▶ **About this exercise**: Once you reach the line containing "これは、第二次世界大戦中、矢", return it and every line after it exactly, through the end of the records below, with no pictures.

▶ **Data under study**:

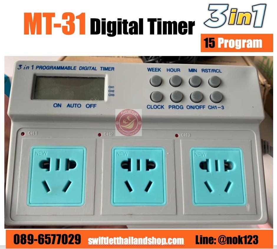 MT-31 Maxi Tronic Digital Timer 3in1 ทามเมอร์ตั้งเวลาแบบดิจิตอล  3 ชุดในเครื่องเียว สามารถตั้งเวลาแยกอิสระต่อกัน กำหนดเวลาเปิด-ปิด ได้ถึง 15 โปรแกรม มีระบบไฟสำรองในตัว คุ้มค่าแน่นอน
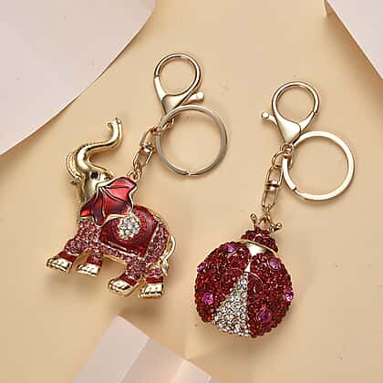 Set of 2 - Multi Color Lady Bug Crystal Keychain
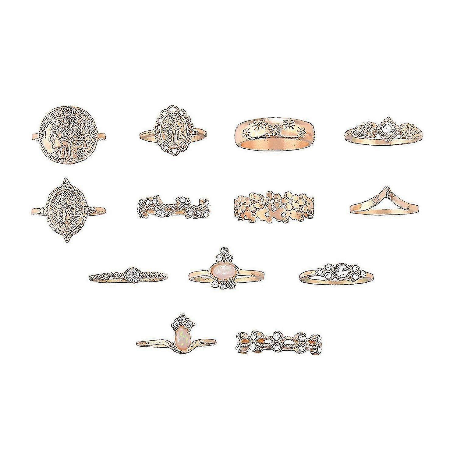 15pcs Vintage Women Mid Ring Set Flower Crown Hollow Out Joint Knuckle Nail Ring
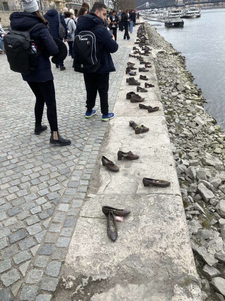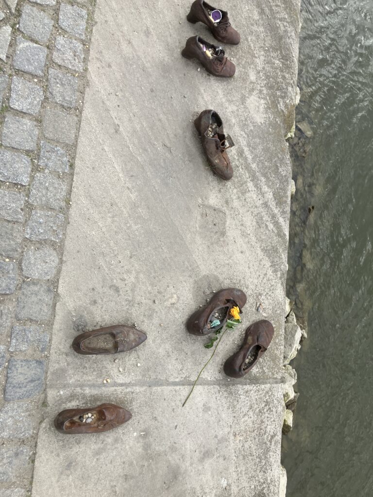 これは、第二次世界大戦中、矢十字党(ハンガリーのファシスト組織)によって、この場所で銃殺され、ドナウ川に投げ込まれたユダヤ人たちを追悼するために作られました。彼らは、靴を脱ぐように命じられ、その直後に射殺されたそうです。
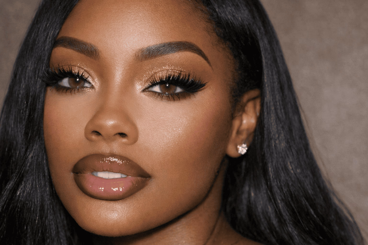 Full glam with sculpted skin and high-impact lips

▶ **Expected answer**:
 これは、第二次世界大戦中、矢十字党(ハンガリーのファシスト組織)によって、この場所で銃殺され、ドナウ川に投げ込まれたユダヤ人たちを追悼するために作られました。彼らは、靴を脱ぐように命じられ、その直後に射殺されたそうです。
 Full glam with sculpted skin and high-impact lips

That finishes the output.